**Problem requirements**.
Extract every line starting at the line that contains "Ensemble de feuilles" and ending with the final line of the data, inclusive; give only those lines, word for word.

**Supplied data**.
Start of Block

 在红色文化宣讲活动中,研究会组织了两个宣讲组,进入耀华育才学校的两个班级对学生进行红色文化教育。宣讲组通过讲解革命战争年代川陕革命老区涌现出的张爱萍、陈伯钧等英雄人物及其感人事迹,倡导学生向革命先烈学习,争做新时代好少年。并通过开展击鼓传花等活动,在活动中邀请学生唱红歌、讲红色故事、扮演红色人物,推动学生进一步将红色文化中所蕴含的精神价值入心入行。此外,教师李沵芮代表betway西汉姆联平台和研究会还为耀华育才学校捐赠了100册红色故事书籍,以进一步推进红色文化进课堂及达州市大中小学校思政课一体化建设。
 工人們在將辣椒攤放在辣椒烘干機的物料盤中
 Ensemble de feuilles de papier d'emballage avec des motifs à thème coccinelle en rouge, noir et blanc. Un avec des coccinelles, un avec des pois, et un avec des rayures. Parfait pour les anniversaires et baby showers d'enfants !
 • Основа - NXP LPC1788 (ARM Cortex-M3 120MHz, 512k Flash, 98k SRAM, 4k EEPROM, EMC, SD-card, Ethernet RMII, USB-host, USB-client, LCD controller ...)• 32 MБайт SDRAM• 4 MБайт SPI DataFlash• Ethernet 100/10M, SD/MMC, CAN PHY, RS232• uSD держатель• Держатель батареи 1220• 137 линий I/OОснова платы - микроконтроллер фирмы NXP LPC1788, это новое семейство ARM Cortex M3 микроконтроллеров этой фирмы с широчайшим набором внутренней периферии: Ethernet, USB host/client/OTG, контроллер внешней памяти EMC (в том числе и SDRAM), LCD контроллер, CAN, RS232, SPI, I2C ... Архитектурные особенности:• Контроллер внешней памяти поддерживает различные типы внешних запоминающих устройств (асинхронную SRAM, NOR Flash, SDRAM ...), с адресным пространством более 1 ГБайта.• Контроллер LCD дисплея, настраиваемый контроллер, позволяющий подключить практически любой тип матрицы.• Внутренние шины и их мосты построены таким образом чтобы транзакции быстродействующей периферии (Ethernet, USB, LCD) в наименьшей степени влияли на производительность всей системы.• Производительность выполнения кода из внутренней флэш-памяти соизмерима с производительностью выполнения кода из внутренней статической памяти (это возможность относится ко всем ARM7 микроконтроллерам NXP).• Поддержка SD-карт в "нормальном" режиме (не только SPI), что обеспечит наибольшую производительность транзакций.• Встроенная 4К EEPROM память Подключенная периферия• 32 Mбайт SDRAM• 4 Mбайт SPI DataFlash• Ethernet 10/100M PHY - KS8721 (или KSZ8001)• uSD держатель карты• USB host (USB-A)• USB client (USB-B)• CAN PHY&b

End of Block

**Answer box**.
 Ensemble de feuilles de papier d'emballage avec des motifs à thème coccinelle en rouge, noir et blanc. Un avec des coccinelles, un avec des pois, et un avec des rayures. Parfait pour les anniversaires et baby showers d'enfants !
 • Основа - NXP LPC1788 (ARM Cortex-M3 120MHz, 512k Flash, 98k SRAM, 4k EEPROM, EMC, SD-card, Ethernet RMII, USB-host, USB-client, LCD controller ...)• 32 MБайт SDRAM• 4 MБайт SPI DataFlash• Ethernet 100/10M, SD/MMC, CAN PHY, RS232• uSD держатель• Держатель батареи 1220• 137 линий I/OОснова платы - микроконтроллер фирмы NXP LPC1788, это новое семейство ARM Cortex M3 микроконтроллеров этой фирмы с широчайшим набором внутренней периферии: Ethernet, USB host/client/OTG, контроллер внешней памяти EMC (в том числе и SDRAM), LCD контроллер, CAN, RS232, SPI, I2C ... Архитектурные особенности:• Контроллер внешней памяти поддерживает различные типы внешних запоминающих устройств (асинхронную SRAM, NOR Flash, SDRAM ...), с адресным пространством более 1 ГБайта.• Контроллер LCD дисплея, настраиваемый контроллер, позволяющий подключить практически любой тип матрицы.• Внутренние шины и их мосты построены таким образом чтобы транзакции быстродействующей периферии (Ethernet, USB, LCD) в наименьшей степени влияли на производительность всей системы.• Производительность выполнения кода из внутренней флэш-памяти соизмерима с производительностью выполнения кода из внутренней статической памяти (это возможность относится ко всем ARM7 микроконтроллерам NXP).• Поддержка SD-карт в "нормальном" режиме (не только SPI), что обеспечит наибольшую производительность транзакций.• Встроенная 4К EEPROM память Подключенная периферия• 32 Mбайт SDRAM• 4 Mбайт SPI DataFlash• Ethernet 10/100M PHY - KS8721 (или KSZ8001)• uSD держатель карты• USB host (USB-A)• USB client (USB-B)• CAN PHY&b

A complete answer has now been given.